5. Identifying ‘canonical’ microcircuits and associated dendritic functions in the neocortex. My PhD dissertation in Rafael Yuste’s lab at Columbia University focused on inhibitory microcircuits of the cortex. I tested the big idea that the cortex has may be composed of one canonical microcircuit repeated millions of times over the surface of the brain, i.e. it has a modular organization. If this is the case, then studying any one module could reveal basic principles about the entire structure. To test this hypothesis, I used electrophysiology, two photon calcium imaging, immunohistochemistry and cellular reconstructions, to test whether microcircuitry varied across widespread cortical regions. For example, I discovered that specialized potassium channels restrict dendritic calcium accumulations in one cell class, while low voltage activated calcium channels mediate global calcium signals in others. Meanwhile, Ca-permeable AMPA receptors contribute to calcium microdomains in aspiny dendrites of PV interneurons across cortex. This body of work showed, for the first time, that the dendrites of inhibitory interneurons were active structures, expressing a wide variety of voltage gated and synaptic ion channels in a cell class specific manner. Further, interneuronal subclass specializations were invariant across visual, sensory and motor cortices, supporting the overarching hypothesis of modular cortical architecture. This modular view of brain function influenced my thinking in the clinic. When I confronted the complexity of neurological disease in medical school, I decided that the ideal way to understand disease mechanims would be to isolate one basal ganglia module and study it in relation to the specific behavior it controls. This is why I chose the songbird: it is a model system with a discrete basal ganglia module devoted to natural trial and error motor learning.

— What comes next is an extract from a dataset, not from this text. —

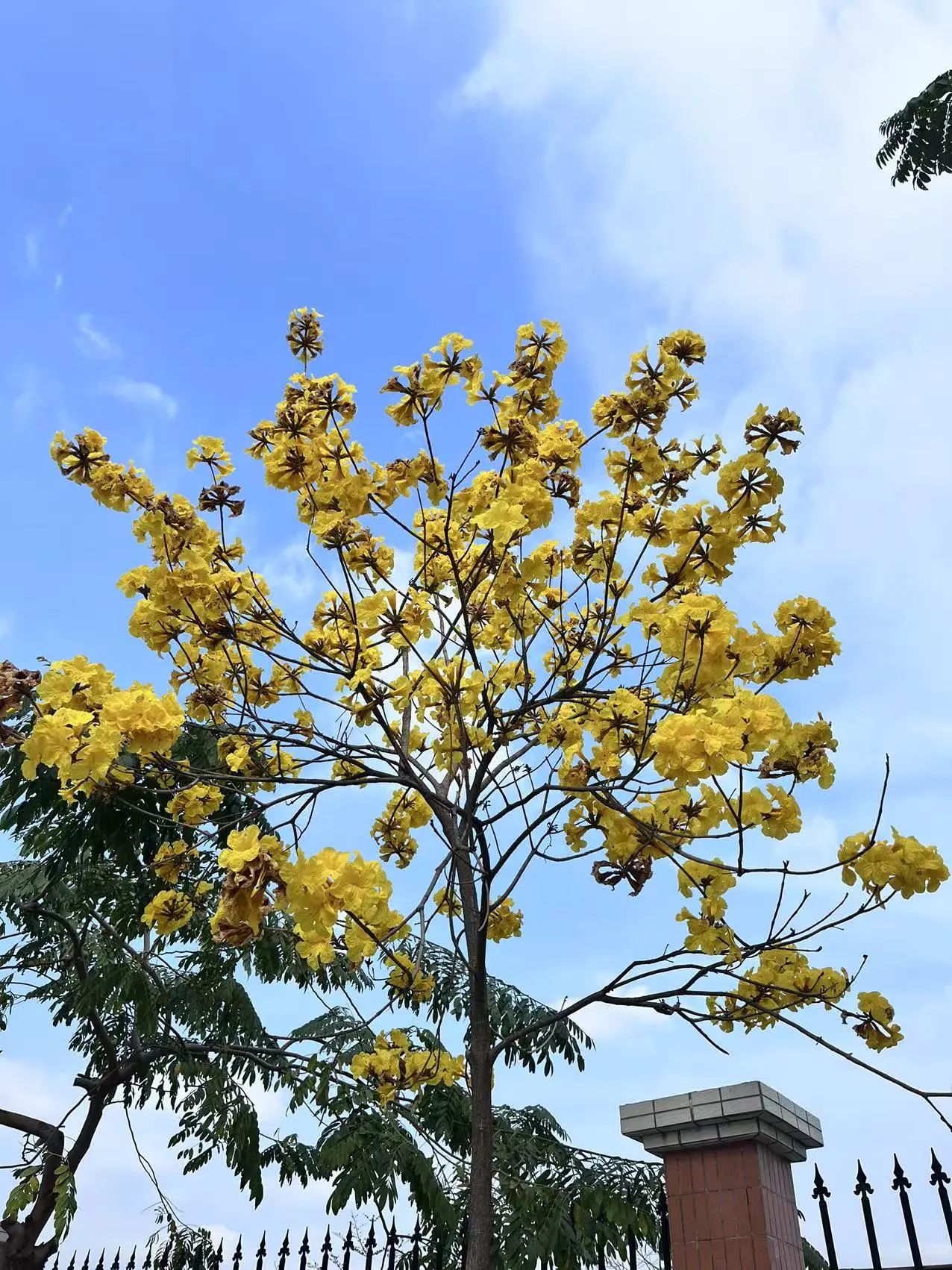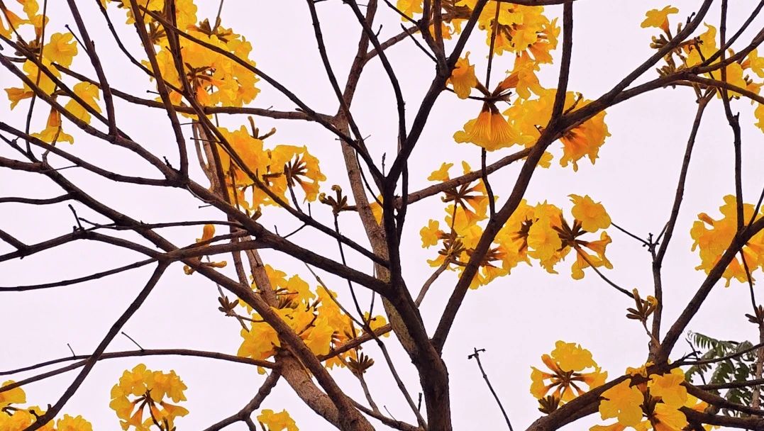 满树金黄倾泻而下 每一簇花朵

a. Goldberg JH, Yuste R, Tamas G. Ca2+ imaging of mouse neocortical interneuron dendrites: Contribution of Ca2+-permeable AMPA and NMDA receptors to subthreshold Ca2+dynamics. Journal of Physiology (Previewed article). 2003 Aug 15;551:67-78.

b. Goldberg JH, Tamas G, Yuste R. Ca2+ imaging of mouse neocortical interneuron dendrites: Ia-type K+ channels control action potential backpropagation. Journal of Physiology (Previewed article). 2003 Aug 15;551:49-65.

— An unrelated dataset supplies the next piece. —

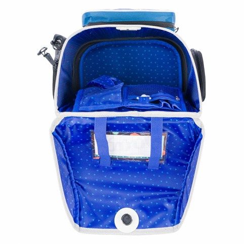 Uvnitř aktovky je průhledná kapsa s rozvrhem a vnitřní organizér umožňující rovnoměrné rozložení hmotnosti.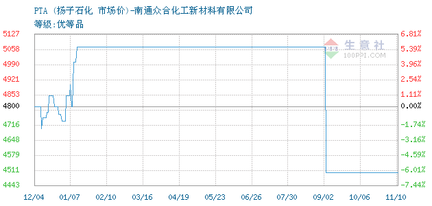 11月07日扬子石化关于PTA的报价为4500元/吨。PTA的规格:等级:优等品。该报价有效期为3天。报价提供方:南通众合化工新材料有限公司。

c. Goldberg JH, Lacefield CO, Yuste R. Global dendritic calcium spikes in mouse layer 5 low-threshold spiking (LTS) interneurones: implications for control of pyramidal bursting. Journal of Physiology. 2004 Jul 15;558(Pt 2):465-78.

d. Goldberg JH and Yuste R. Space Matters: Local and global dendritic calcium comparmentalization in cortical interneurons. Trends in Neurosciences. 2005 28: 158-167.

e. Goldberg JH, Tamas G, Aronov D, Yuste R. Calcium microdomains in aspiny dendrites. Neuron (Cover article). 2003 Nov 13;40(4):807-21.